Exercise prompt: Starting at the line with "Эту сирень очень" and ending at the line with "- 개발자도구 - 네트워크", print exactly the lines of the entries below. Pictures do not belong in the copy.

Source material:
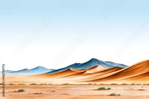 © LittleDuck, Fototapeta premium Serene Desert Dunescape - Vast, undulating sand dunes meet a hazy mountain range under a pale blue sky. Symbolizing freedom, serenity, adventure, mystery, and the passage of time
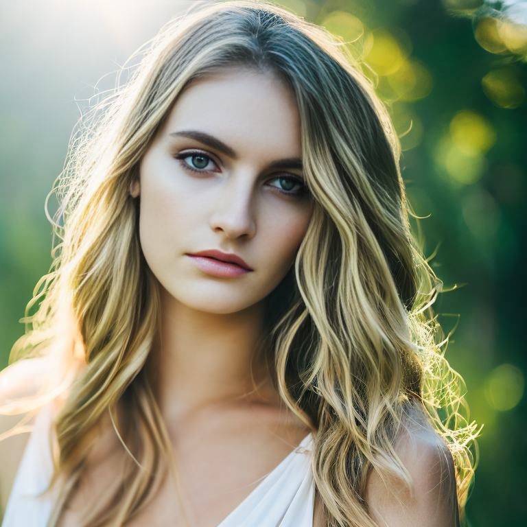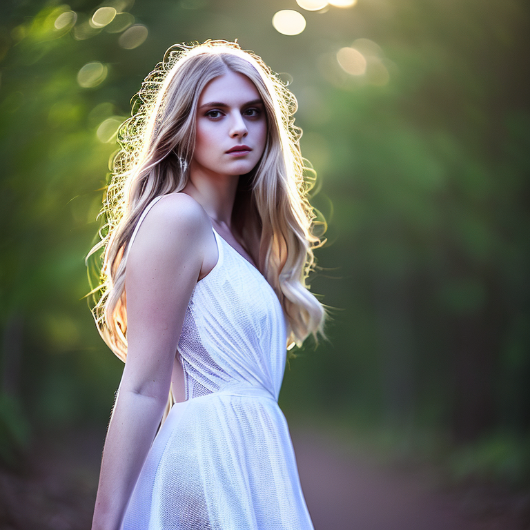 portrait of a blonde woman in a white dress posing for a picture, tumblr, digital art, glowing with colored light, ethereal lighting, forest ray light, taken in 2022, handsome girl, brooke ashling, diffused natural skin glow
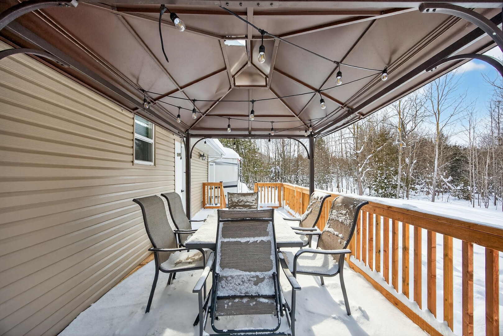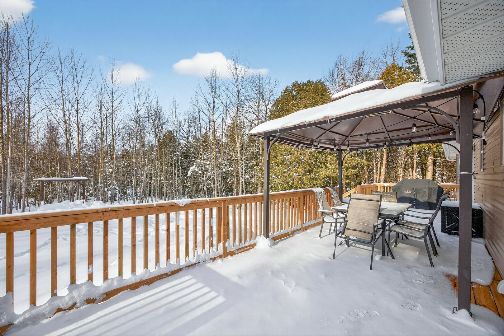 Set on a private 1-acre lot (203 ft x 219 ft) surrounded by mature trees and scenic farmland, this beautifully finished raised bungalow offers space, privacy, and modern comfort—completely move-in ready.
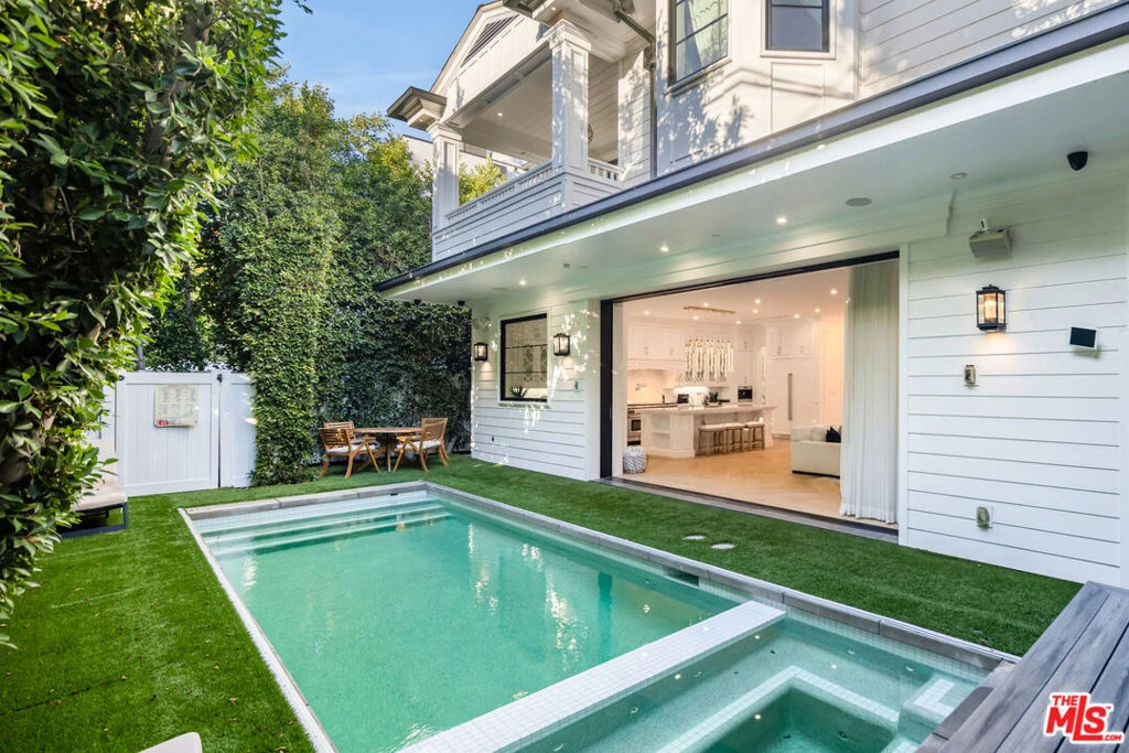 Welcome to a modern Cape Cod masterpiece offered fully furnished, that blends timeless design, high-end finishes, and cutting-edge smart home technology in one of West Hollywood's most coveted neighborhoods. Thoughtfully designed with effortless indoor-outdoor flow, this residence offers the perfect balance of warmth, sophistication and innovation. Step inside to find elegant, light-filled living spaces, including formal living and dining rooms, a cozy family lounge and a sun-drenched breakfast nook. The chef's kitchen is a showpiece in itself, anchored by Sub-Zero and Wolf appliances, custom cabinetry and exquisite designer detailing. Retractable glass doors open to a private backyard oasis, featuring a covered patio, a white-pebble pool, and an automated spa, ideal for entertaining or everyday retreat. Upstairs, the primary suite serves as a serene sanctuary, complete with dual couture closets and a marble-clad spa bath featuring a soaking tub, steam shower, and dual vanities. Two additional flexible spaces, a custom-built office and a state-of-the-art soundproof home theater, offer unmatched versatility for modern living. Every inch of this home is elevated by smart technology and security, including a fully integrated Control4 system, Bose surround sound, and a gated entry. This is a rare opportunity to own a home that perfectly embodies sophistication, innovation, and the best of West Hollywood living.
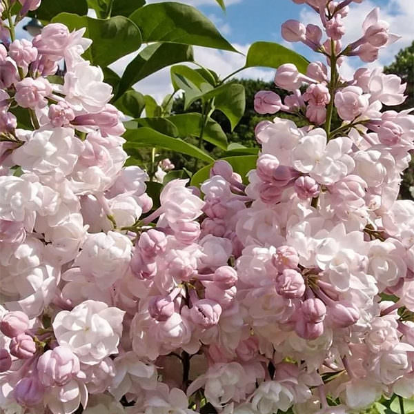 Эту сирень очень любят садоводы за продолжительный период цветения, пышную крону и пушистые тяжелые соцветия от розовато-белого до лилового цвета с перламутровым оттенком.
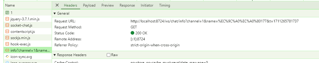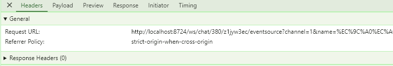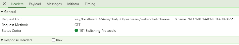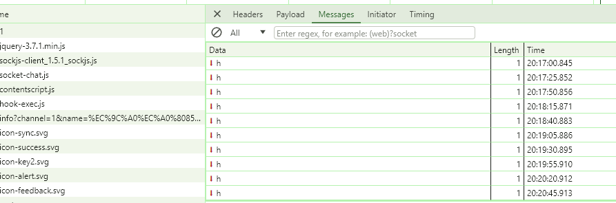 - 개발자도구 - 네트워크 - WebSocket - Message 탭을 눌러보면 WebSocket의 메세지가 나오는데 25s마다 h 문자가 하나씩 찍힌다.
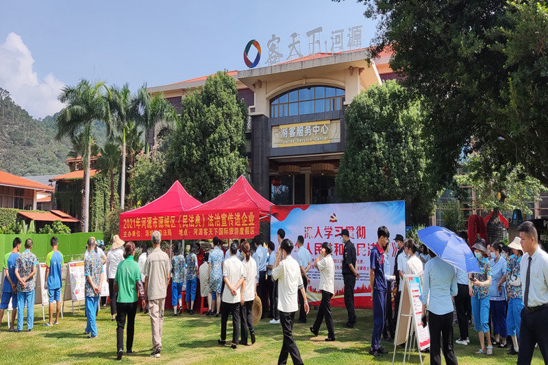 为进一步增强人民法律意识和法制观念,提高依法维权的能力和法律素质,2021年9月9日上午,源城区司法局主办的2021年河源市源城区《民法典》法治宣传进企业活动在河源客天下景区顺利开展。
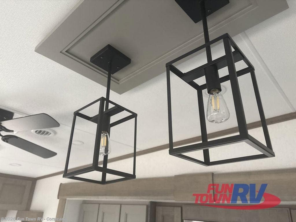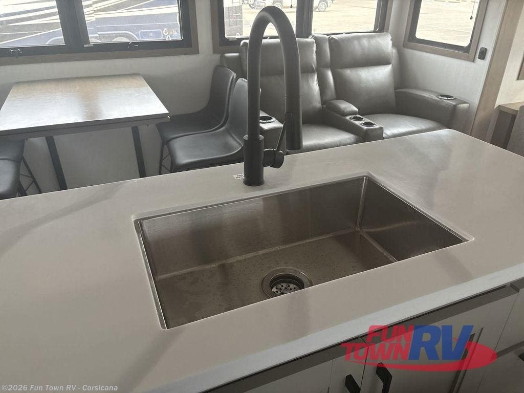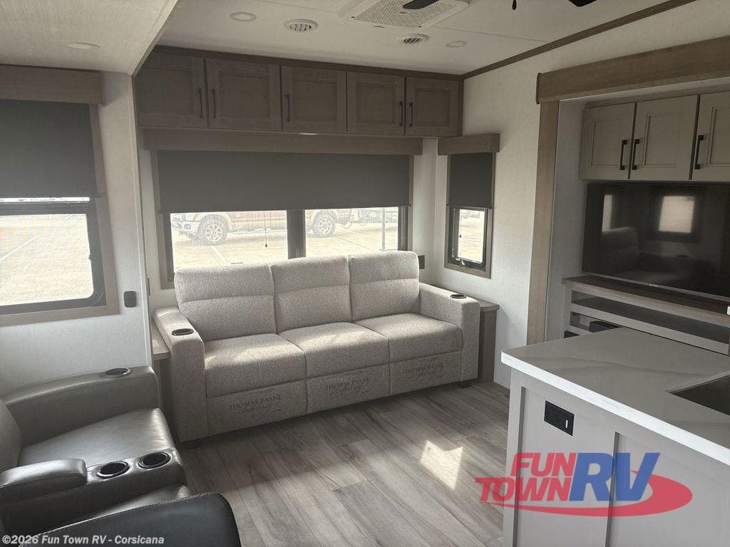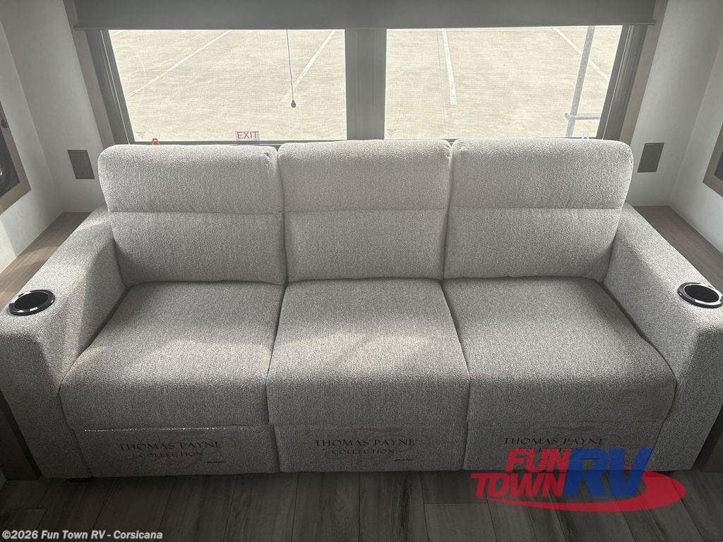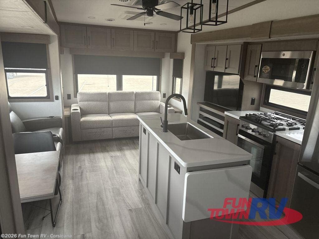 Start camping in luxury with this fifth wheel! The front private bedroom has a king bed slide which can be switched for an optional queen instead, a dresser, and a front wardrobe with washer and dryer prep. Start each morning feeling clean and fresh after showering in the 48" x 30" residential shower with a seat in the full bathroom. The kitchen has an island ideal for enjoying your morning coffee while reading the newspaper and socializing with the chef whipping up some scrambled eggs on the four burner range. The hutch can store your dishes, the pantry can store your canned goods, and the 18 cu. ft. refrigerator will keep your perishables fresh. If mother nature is raining on your parade then read a book on the rear hide-a-bed sofa or relax in the theater seating which has USB charging. And the entertainment center with a fireplace and 43" smart LED TV will keep you entertained!

Finished task:
 Эту сирень очень любят садоводы за продолжительный период цветения, пышную крону и пушистые тяжелые соцветия от розовато-белого до лилового цвета с перламутровым оттенком.
 - 개발자도구 - 네트워크 - WebSocket - Message 탭을 눌러보면 WebSocket의 메세지가 나오는데 25s마다 h 문자가 하나씩 찍힌다.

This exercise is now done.